We’re not sure how the RES system would hold up to heavy use and abuse — like, say, in the shop — but they do seem pretty handy for every day use.  We could also see a great need for them if you hunt/fish and don’t want to stop to sharpen a blade for 20 minutes. TigerSharp has an entire line of RES knives in different patterns and styles to suit your particular slicing need.

Prices for the RES knives start at around $30, and replacement blades, both smooth and serated, go for around $10.

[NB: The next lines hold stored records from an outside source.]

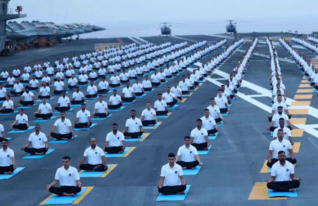 他最近去视察了印度国产航母,还发布了印度士兵在航母上集体练瑜伽的照片,就是一句话没提特朗普。
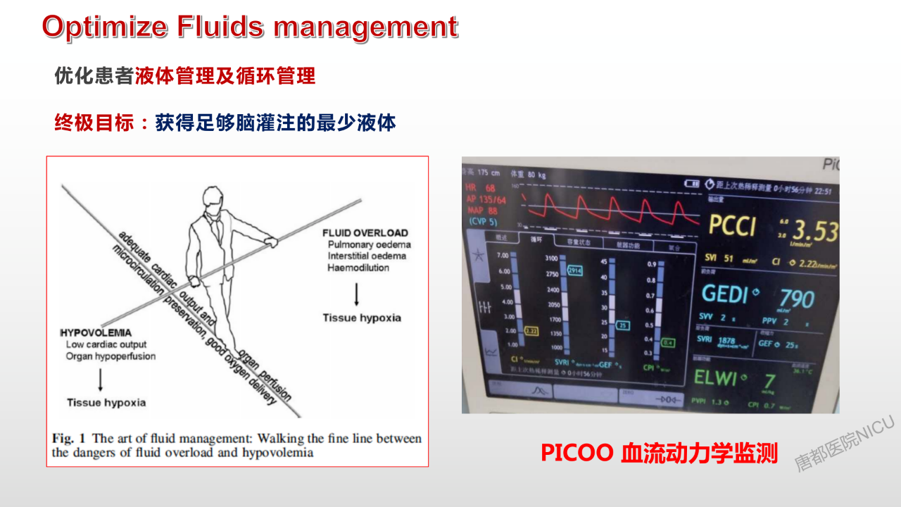 PICCO、脑电、脑血流监测唐都神经重症在这个病人身上都用到了,对于这种重症病人来说,容量不管是少还是多,来回波动对病人都不好,所以需要有合理的容量监测并维持在稳定的状态。另外就是从病人血流角度去做颅内灌注压管理,这个也很重要。比如就像李敏教授遇到的情况,在术后16~19天的时候,压力又增高了,这个时候该怎么处理?像这种情况下的话,手段已经用到极致了,包括低温、其他脑室的引流、整个降阶梯的颅压管理等等。这个时候血流管理可能有一些作用,在保证脑子基本灌注的前提下,把cpp尽量往下压。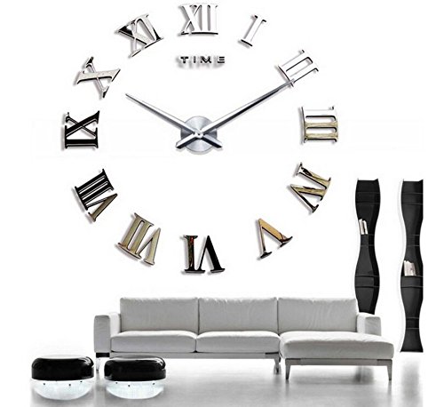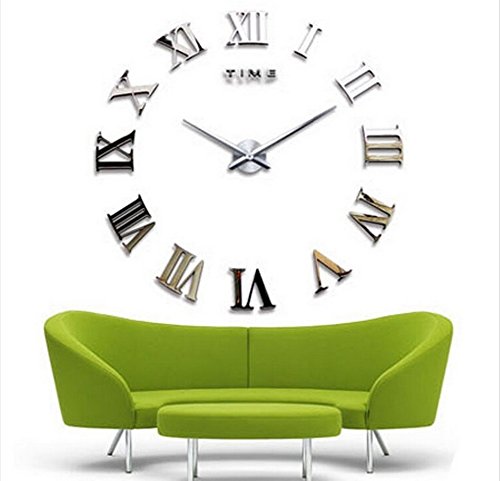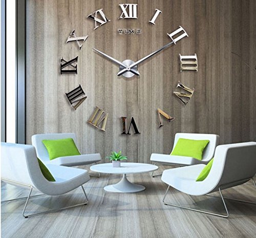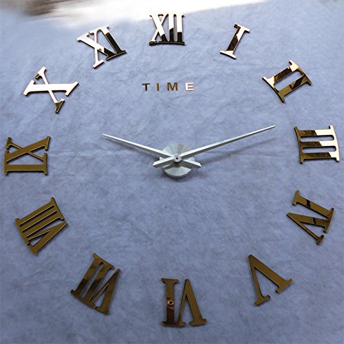 -. Title : Alrens_DIY(TM)Time Letters Roman Numerals Luxury Large Size Modern DIY Frameless Quartz 3D Large Big Mirror Surface Effect Wall Clock Oversized Clock Removable Home Decoration Living Room Décor Wall Sticker Decal Meeting Room Office Creative Art Watches Decor-3 Colors

The RES Blade System [TigerSharp]
Street Pricing [Froogle/Google]


One Response to Finds: The TigerSharp RES System

  1. Eli Golub says:

    I wear and use two knives at work. A mat knife in my back pocket, and a gerber EZ-out clipped to a front pocket. The razor knife cuts everything except tie line and apples, and is cheap, with easily replaceable blades. I’ve tried many, many other knives, and this one reeks of “I tried it for a while and then couldn’t find more blade replacements”. Even if you can find them, 10 bucks?! That’s a lot of razor blades. The Gerber is light, easily resharpenable with a diamond hone and only $25. I’ve misplaced three of them in seven years and it’s still money well spent to get a new one.